(GOAL OF THE EXERCISE): Provide a verbatim copy of all the records below, leaving the images out.

──────── THE DATA ────────

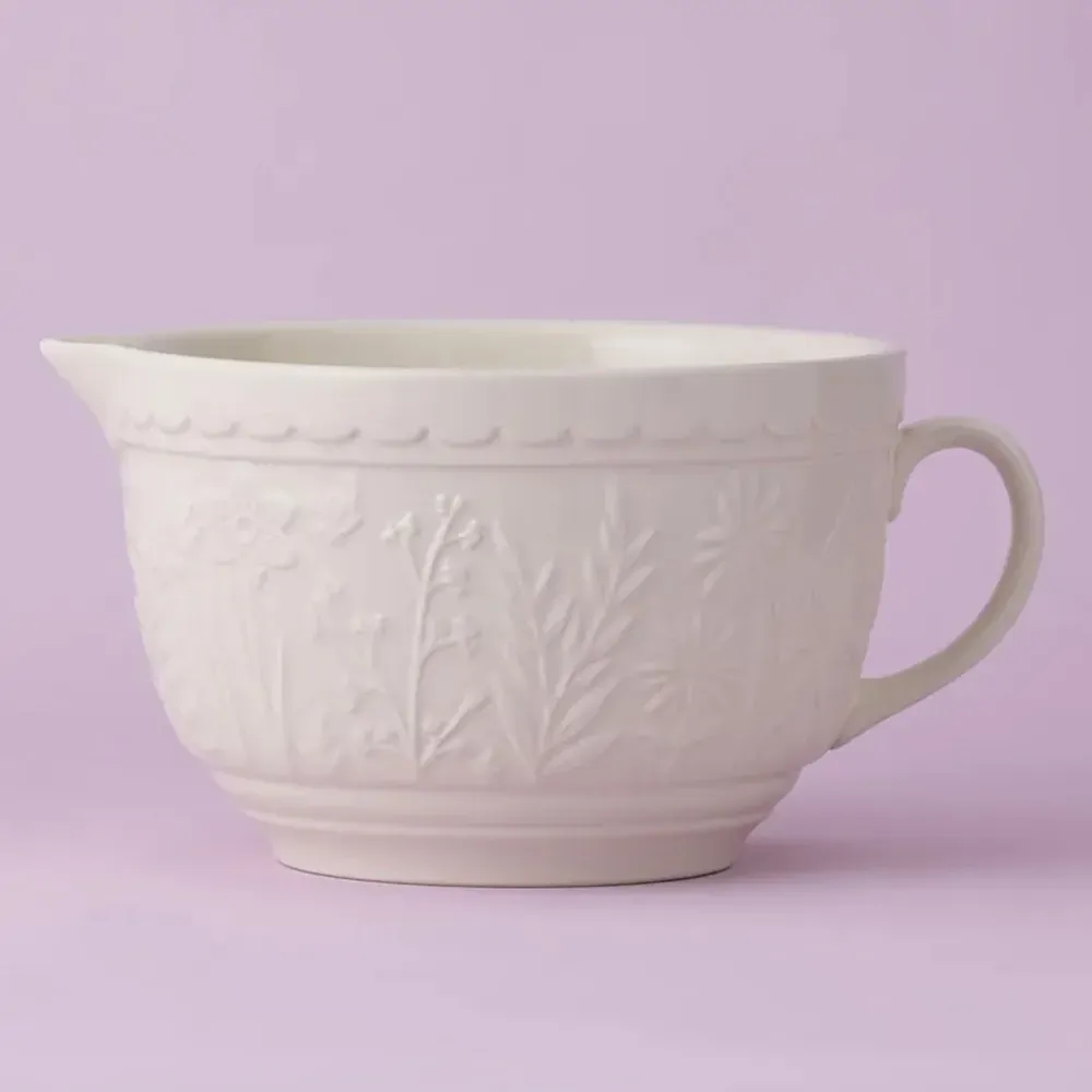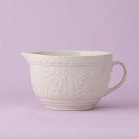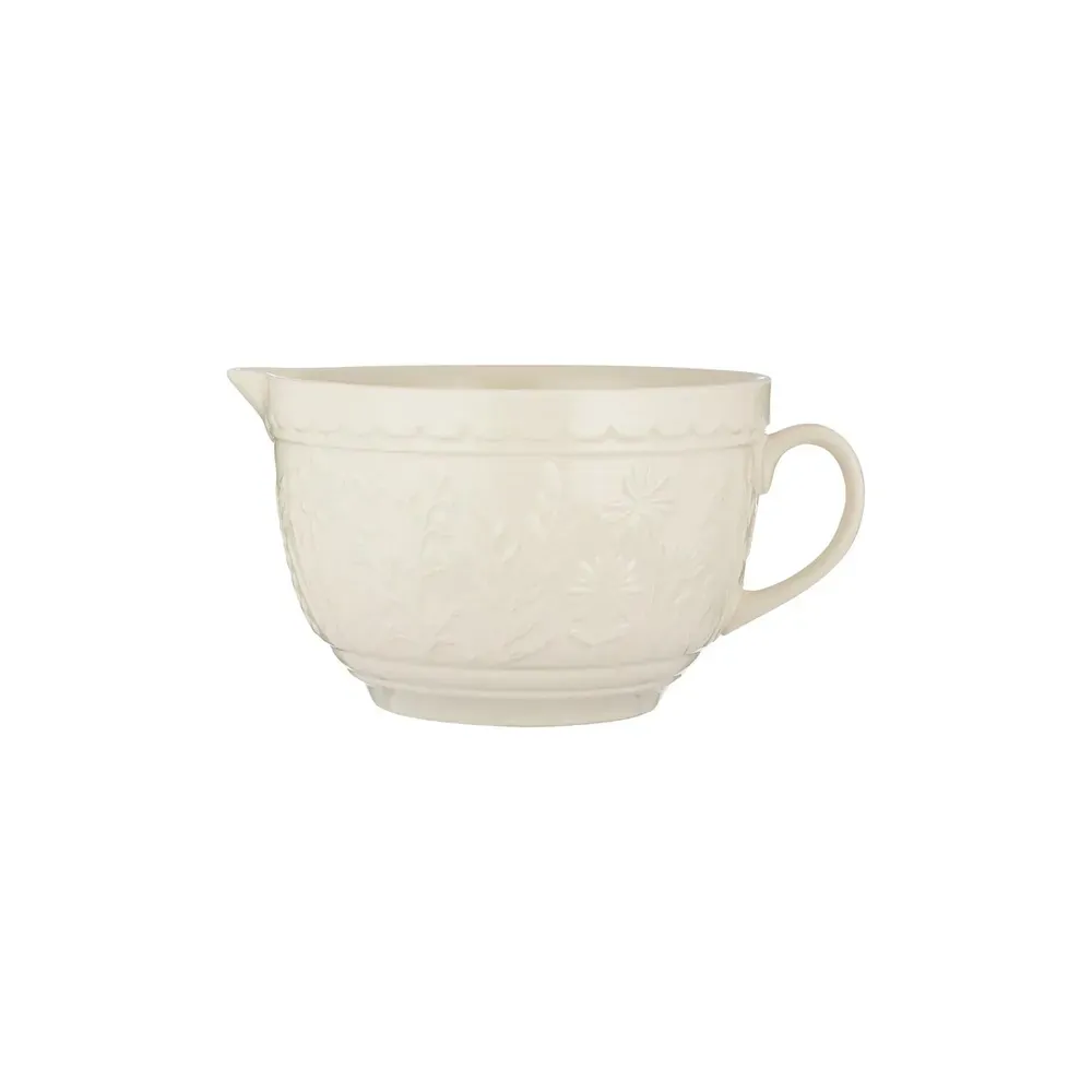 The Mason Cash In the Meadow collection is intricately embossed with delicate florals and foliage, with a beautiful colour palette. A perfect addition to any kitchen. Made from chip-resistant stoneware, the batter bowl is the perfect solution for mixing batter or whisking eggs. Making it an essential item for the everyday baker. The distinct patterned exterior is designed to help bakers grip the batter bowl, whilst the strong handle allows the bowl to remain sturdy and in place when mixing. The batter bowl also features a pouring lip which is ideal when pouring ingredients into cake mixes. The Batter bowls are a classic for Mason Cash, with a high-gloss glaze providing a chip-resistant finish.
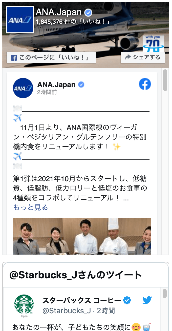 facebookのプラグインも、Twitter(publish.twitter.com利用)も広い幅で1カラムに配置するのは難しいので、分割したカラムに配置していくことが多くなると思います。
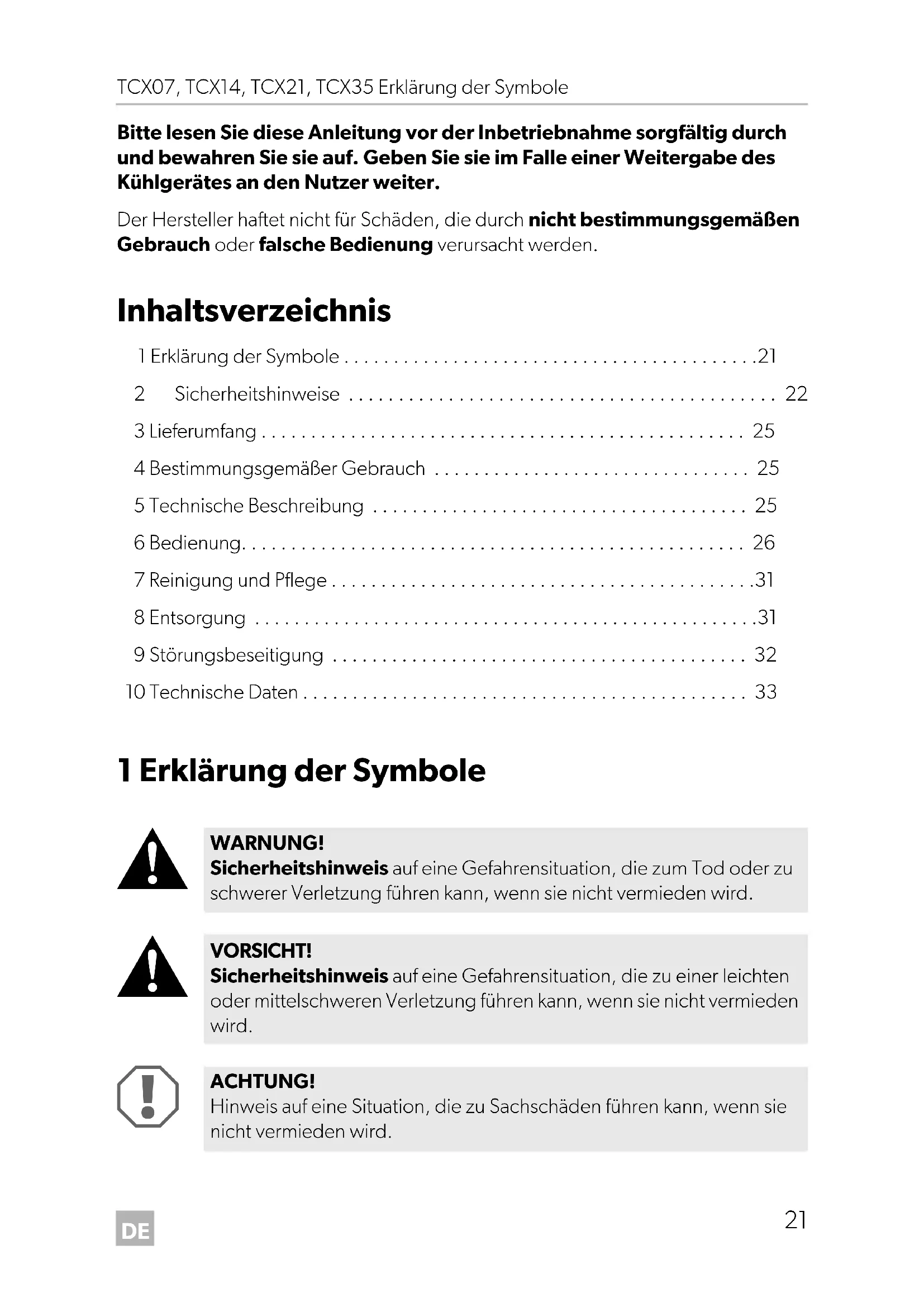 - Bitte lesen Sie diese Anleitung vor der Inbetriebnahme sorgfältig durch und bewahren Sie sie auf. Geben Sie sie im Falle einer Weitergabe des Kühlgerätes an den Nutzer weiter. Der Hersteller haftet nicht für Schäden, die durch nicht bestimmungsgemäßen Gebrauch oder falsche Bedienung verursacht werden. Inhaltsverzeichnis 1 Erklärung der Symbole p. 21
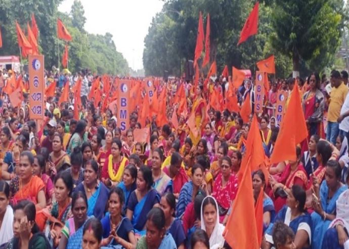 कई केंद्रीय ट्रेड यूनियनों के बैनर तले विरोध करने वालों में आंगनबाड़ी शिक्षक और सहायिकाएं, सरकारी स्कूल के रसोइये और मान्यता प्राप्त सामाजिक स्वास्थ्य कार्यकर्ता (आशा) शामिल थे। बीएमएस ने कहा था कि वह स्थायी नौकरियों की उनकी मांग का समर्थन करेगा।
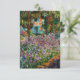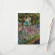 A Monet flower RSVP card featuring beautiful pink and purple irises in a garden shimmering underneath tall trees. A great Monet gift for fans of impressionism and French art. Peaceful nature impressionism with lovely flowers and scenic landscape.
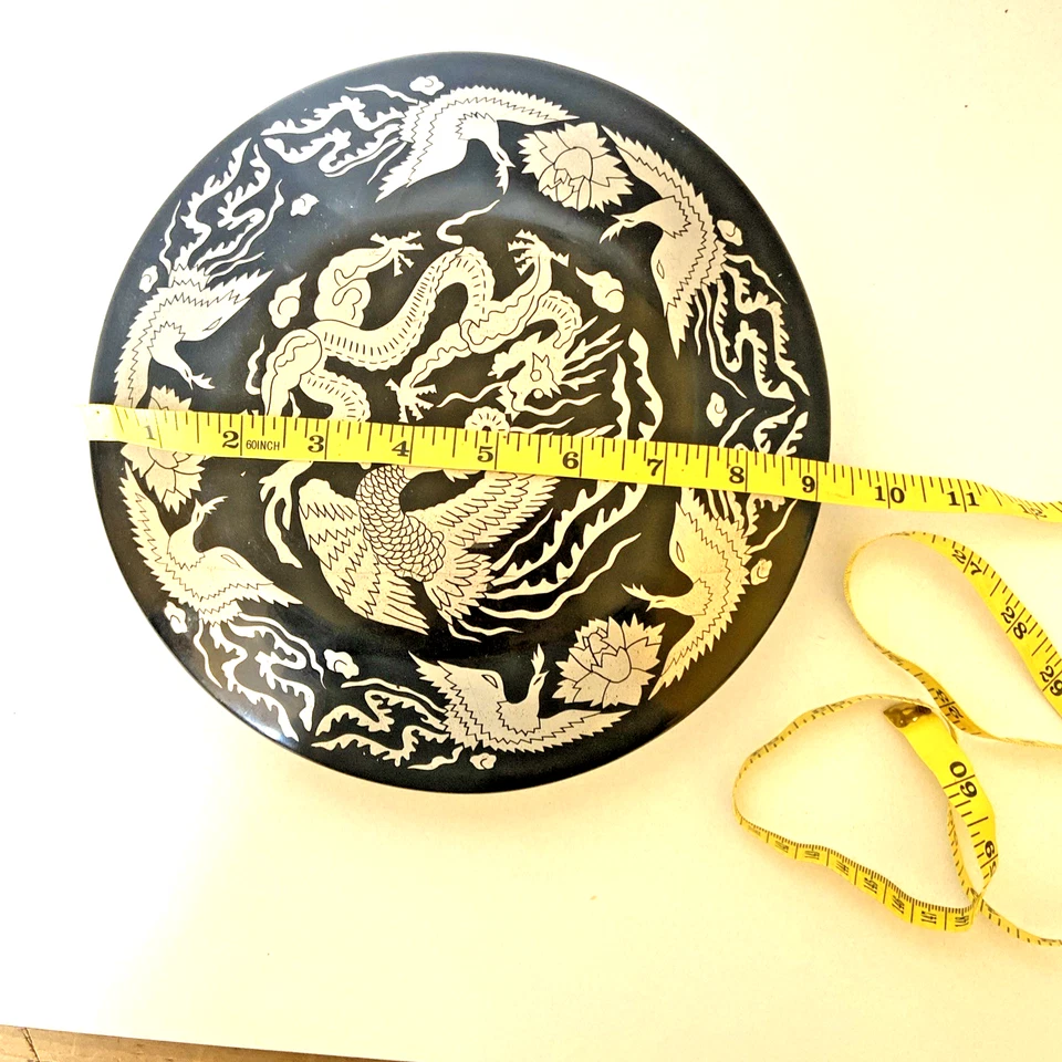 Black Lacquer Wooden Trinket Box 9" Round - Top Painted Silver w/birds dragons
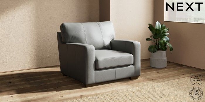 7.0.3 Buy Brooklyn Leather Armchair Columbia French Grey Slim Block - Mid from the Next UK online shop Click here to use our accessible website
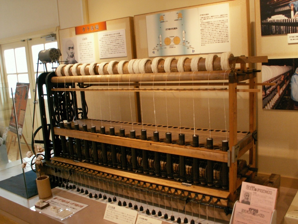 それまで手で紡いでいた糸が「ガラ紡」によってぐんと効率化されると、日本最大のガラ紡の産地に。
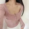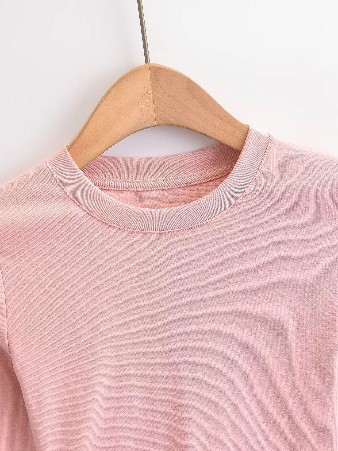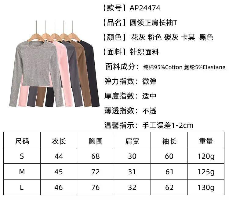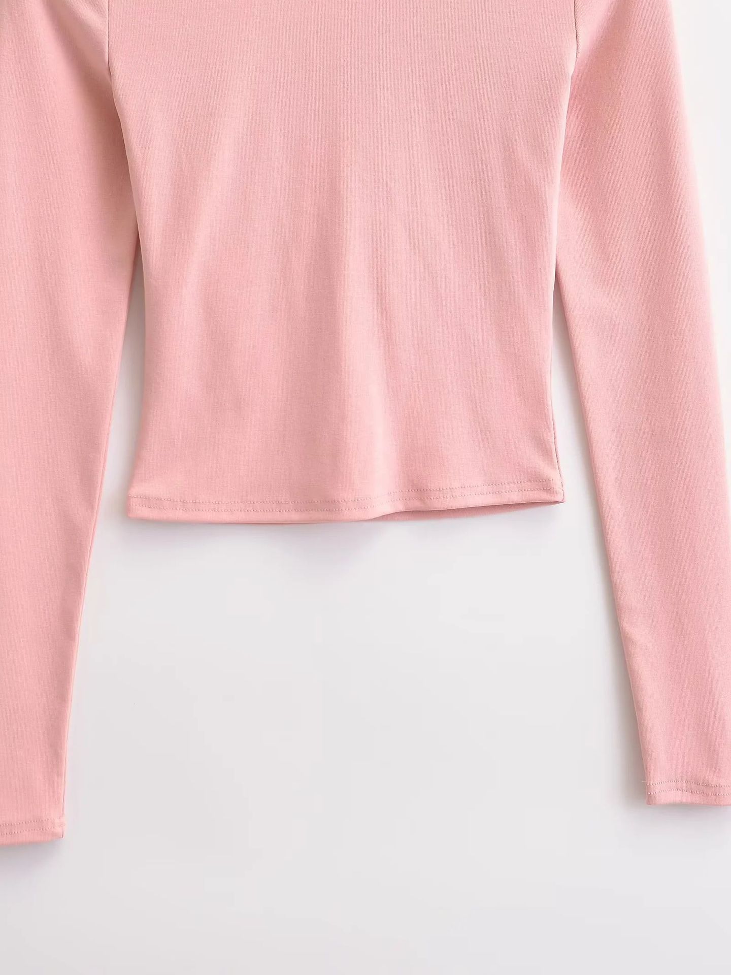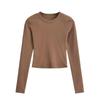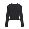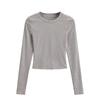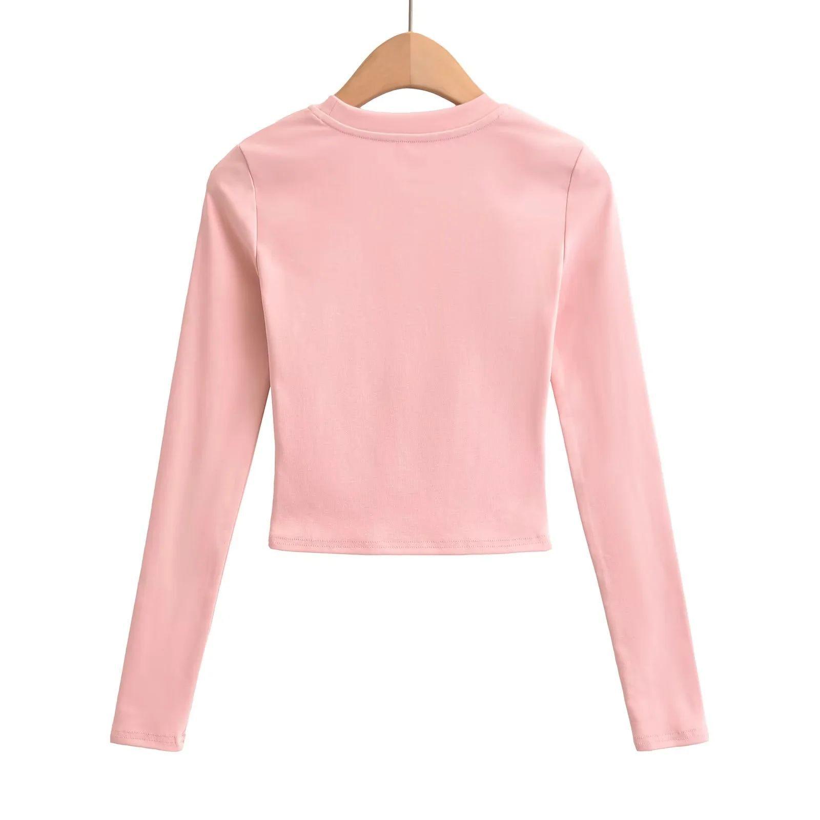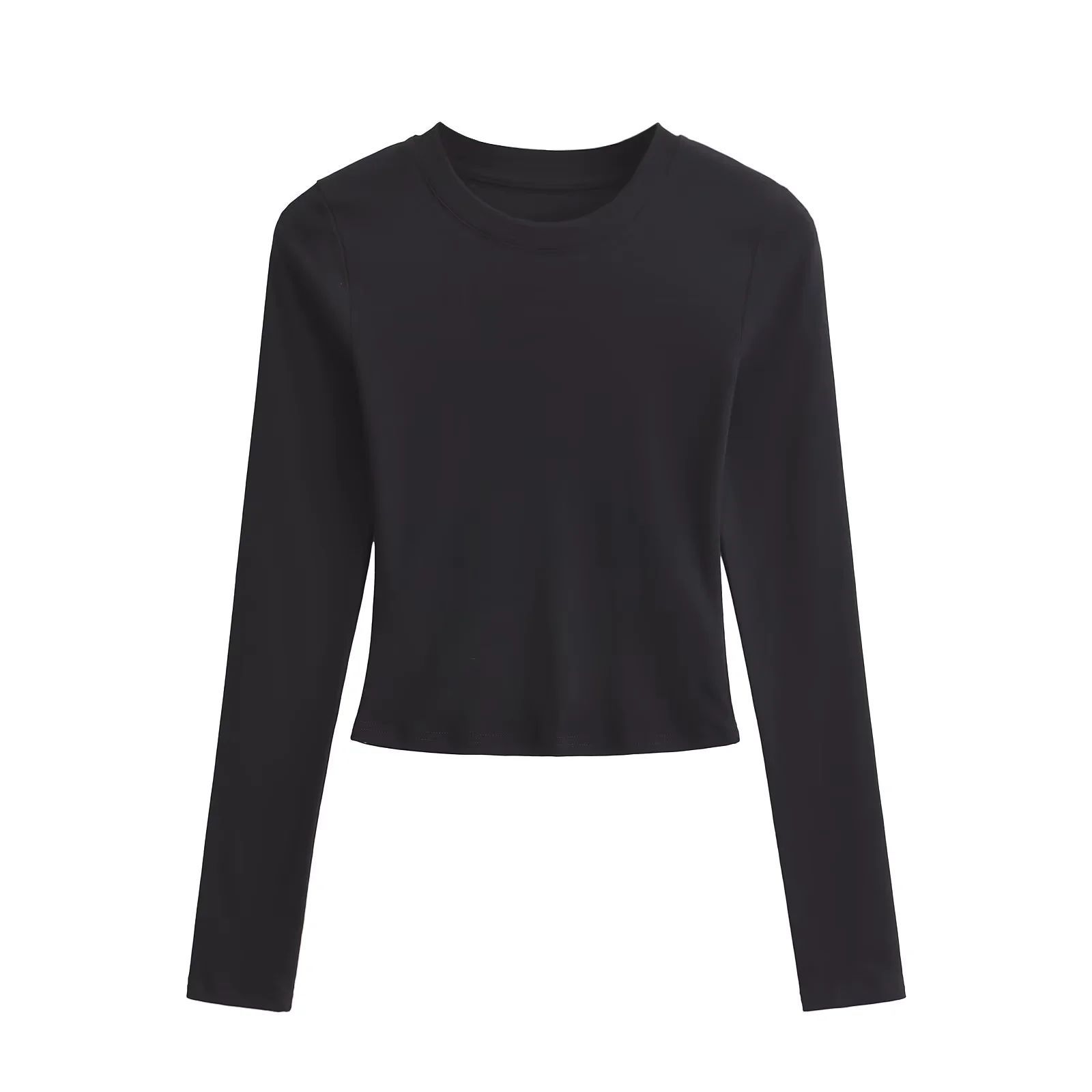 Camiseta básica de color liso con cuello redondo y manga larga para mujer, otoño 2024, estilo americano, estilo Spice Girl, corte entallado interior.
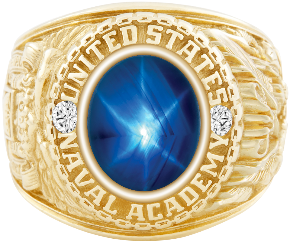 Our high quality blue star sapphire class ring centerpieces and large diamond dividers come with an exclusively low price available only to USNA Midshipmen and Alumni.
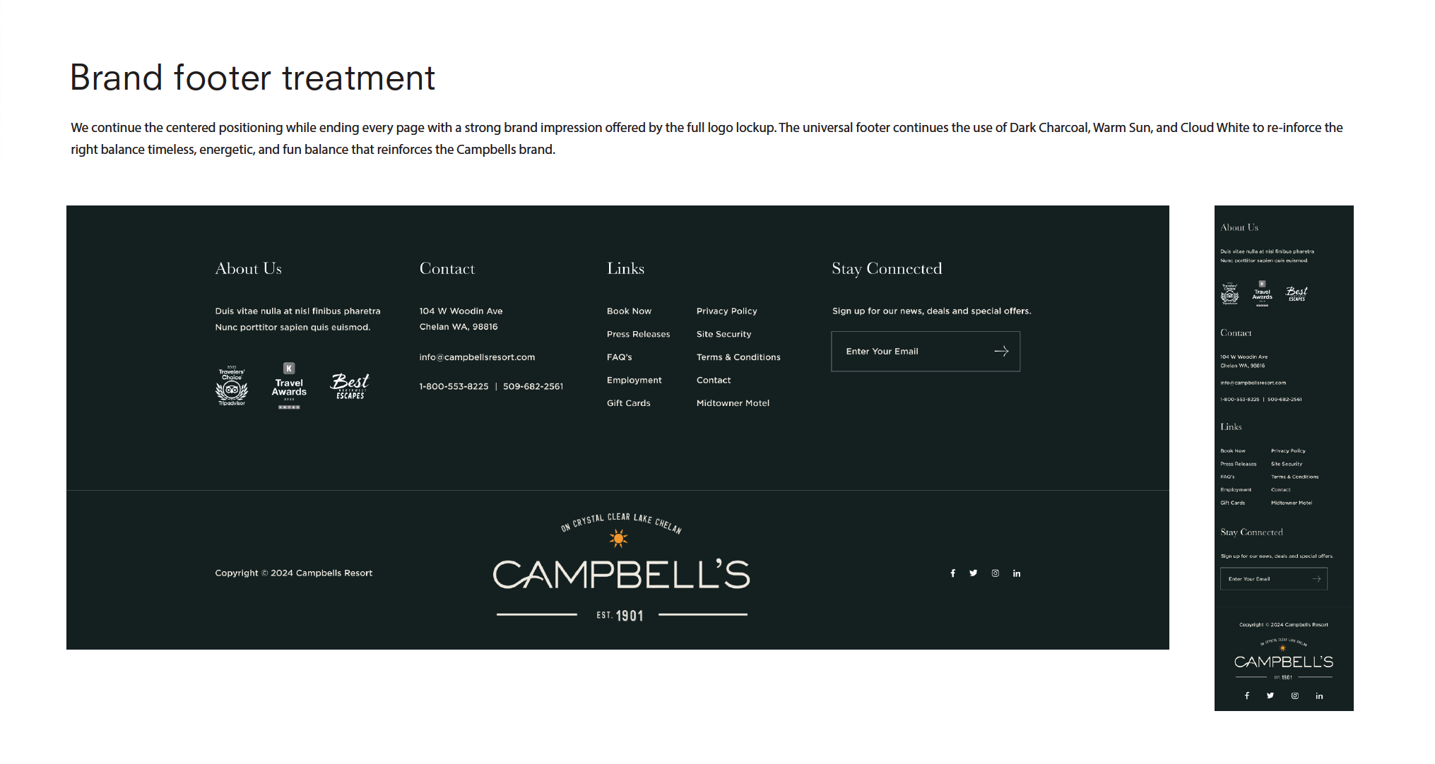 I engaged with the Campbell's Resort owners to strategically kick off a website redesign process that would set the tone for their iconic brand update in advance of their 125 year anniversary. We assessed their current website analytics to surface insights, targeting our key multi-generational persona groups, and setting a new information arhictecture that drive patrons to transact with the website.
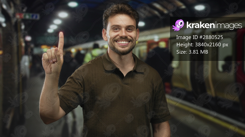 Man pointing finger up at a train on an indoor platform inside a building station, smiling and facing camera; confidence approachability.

────────

(RESULT OF THIS TASK):
 The Mason Cash In the Meadow collection is intricately embossed with delicate florals and foliage, with a beautiful colour palette. A perfect addition to any kitchen. Made from chip-resistant stoneware, the batter bowl is the perfect solution for mixing batter or whisking eggs. Making it an essential item for the everyday baker. The distinct patterned exterior is designed to help bakers grip the batter bowl, whilst the strong handle allows the bowl to remain sturdy and in place when mixing. The batter bowl also features a pouring lip which is ideal when pouring ingredients into cake mixes. The Batter bowls are a classic for Mason Cash, with a high-gloss glaze providing a chip-resistant finish.
 facebookのプラグインも、Twitter(publish.twitter.com利用)も広い幅で1カラムに配置するのは難しいので、分割したカラムに配置していくことが多くなると思います。
 - Bitte lesen Sie diese Anleitung vor der Inbetriebnahme sorgfältig durch und bewahren Sie sie auf. Geben Sie sie im Falle einer Weitergabe des Kühlgerätes an den Nutzer weiter. Der Hersteller haftet nicht für Schäden, die durch nicht bestimmungsgemäßen Gebrauch oder falsche Bedienung verursacht werden. Inhaltsverzeichnis 1 Erklärung der Symbole p. 21
 कई केंद्रीय ट्रेड यूनियनों के बैनर तले विरोध करने वालों में आंगनबाड़ी शिक्षक और सहायिकाएं, सरकारी स्कूल के रसोइये और मान्यता प्राप्त सामाजिक स्वास्थ्य कार्यकर्ता (आशा) शामिल थे। बीएमएस ने कहा था कि वह स्थायी नौकरियों की उनकी मांग का समर्थन करेगा।
 A Monet flower RSVP card featuring beautiful pink and purple irises in a garden shimmering underneath tall trees. A great Monet gift for fans of impressionism and French art. Peaceful nature impressionism with lovely flowers and scenic landscape.
 Black Lacquer Wooden Trinket Box 9" Round - Top Painted Silver w/birds dragons
 7.0.3 Buy Brooklyn Leather Armchair Columbia French Grey Slim Block - Mid from the Next UK online shop Click here to use our accessible website
 それまで手で紡いでいた糸が「ガラ紡」によってぐんと効率化されると、日本最大のガラ紡の産地に。
 Camiseta básica de color liso con cuello redondo y manga larga para mujer, otoño 2024, estilo americano, estilo Spice Girl, corte entallado interior.
 Our high quality blue star sapphire class ring centerpieces and large diamond dividers come with an exclusively low price available only to USNA Midshipmen and Alumni.
 I engaged with the Campbell's Resort owners to strategically kick off a website redesign process that would set the tone for their iconic brand update in advance of their 125 year anniversary. We assessed their current website analytics to surface insights, targeting our key multi-generational persona groups, and setting a new information arhictecture that drive patrons to transact with the website.
 Man pointing finger up at a train on an indoor platform inside a building station, smiling and facing camera; confidence approachability.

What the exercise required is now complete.